|
1. Structural Genomics Consortium, University of Toronto, MaRS center, South Tower, 7th floor, 101 College Street, Toronto, Ontario, Canada, M5G 1L7. 2. Ontario Cancer Institute and Department of Medical Biophysics, University of Toronto, Canada. 3. Current address: Department of Structural and Chemical Biology, Mount Sinai School of Medicine, One Gustave L. Levy Place, Icahn Medical Institute, Box 1677, New York, NY 10029, USA. 4. Department of Pharmacology and Toxicology, University of Toronto, Medical Sciences Building, 1 King's College Circle, Toronto, Ontario, Canada M5S 1A8.
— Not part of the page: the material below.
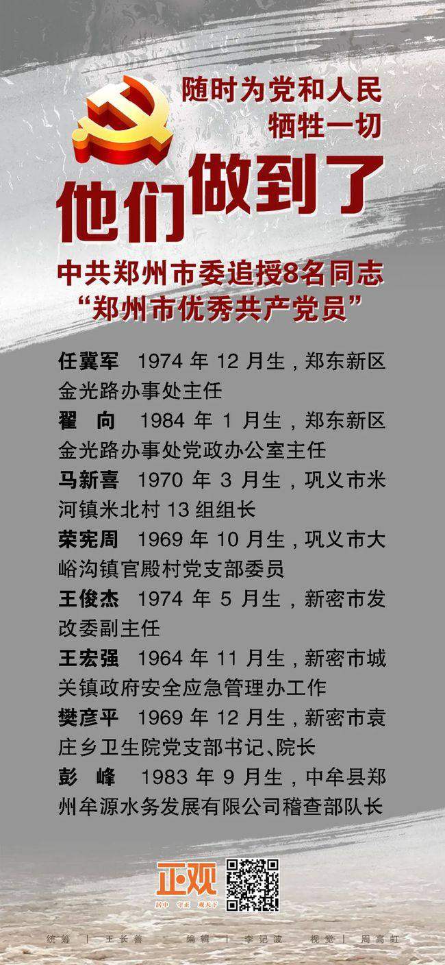 同样的,在此次被表彰的共产党员中,郑州人民不会忘记他们的名字——在解救米北村受困群众过程中被卷入洪水中牺牲的巩义市米河镇米北村13组原组长马新喜;在排查险情时遭遇山体滑坡牺牲的巩义市大峪沟镇官殿村原党支部委员荣宪周;在防汛抢险返回途中被洪水冲走牺牲的新密市发展和改革委原党组成员、副主任王俊杰;在辖区各村卫生所查看防汛安全时突遭山洪牺牲的新密市袁庄乡卫生院原党支部书记、院长樊彦平;在防汛救灾中,跳入塌方处、关闭供水阀门时,体力不支牺牲的中牟县郑州牟源水务发展有限公司原稽查部队长彭峰。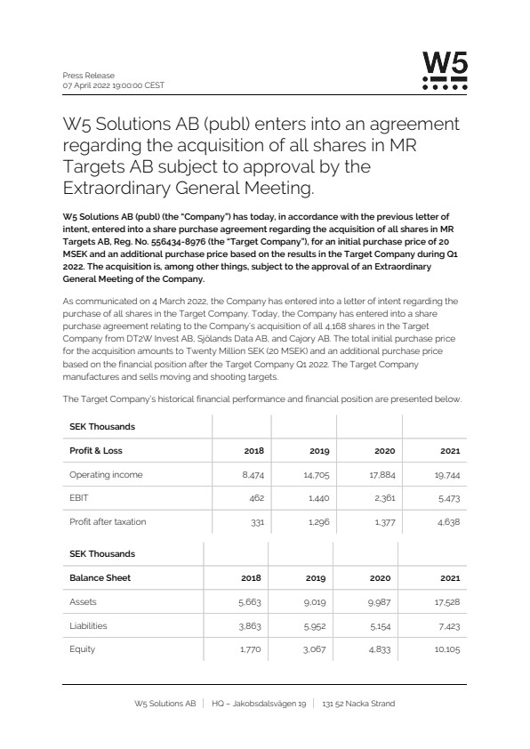 W5 Solutions AB (publ) (the “Company”) has today, in accordance with the previous letter of intent, entered into a share purchase agreement regarding the acquisition of all shares in MR Targets AB, Reg. No. 556434-8976 (the “Target Company”), for an initial purchase price of 20 MSEK and an additional purchase price based on the results in the Target Company during Q1 2022. The acquisition is, among other things, subject to the approval of an Extraordinary General Meeting of the Company.

Funding: This work is supported by the Structural Genomics Consortium (SGC), a registered charity (number 1097737) that receives funds from the Canadian Institutes for Health Research, the Canadian Foundation for Innovation, Genome Canada through the Ontario Genomics Institute, GlaxoSmithKline, Karolinska Institutet, the Knut and Alice Wallenberg Foundation, the Ontario Innovation Trust, the Ontario Ministry for Research and Innovation, Merck & Co., Inc., the Novartis Research Foundation, the Swedish Agency for Innovation Systems, the Swedish Foundation for Strategic Research and the Wellcome Trust.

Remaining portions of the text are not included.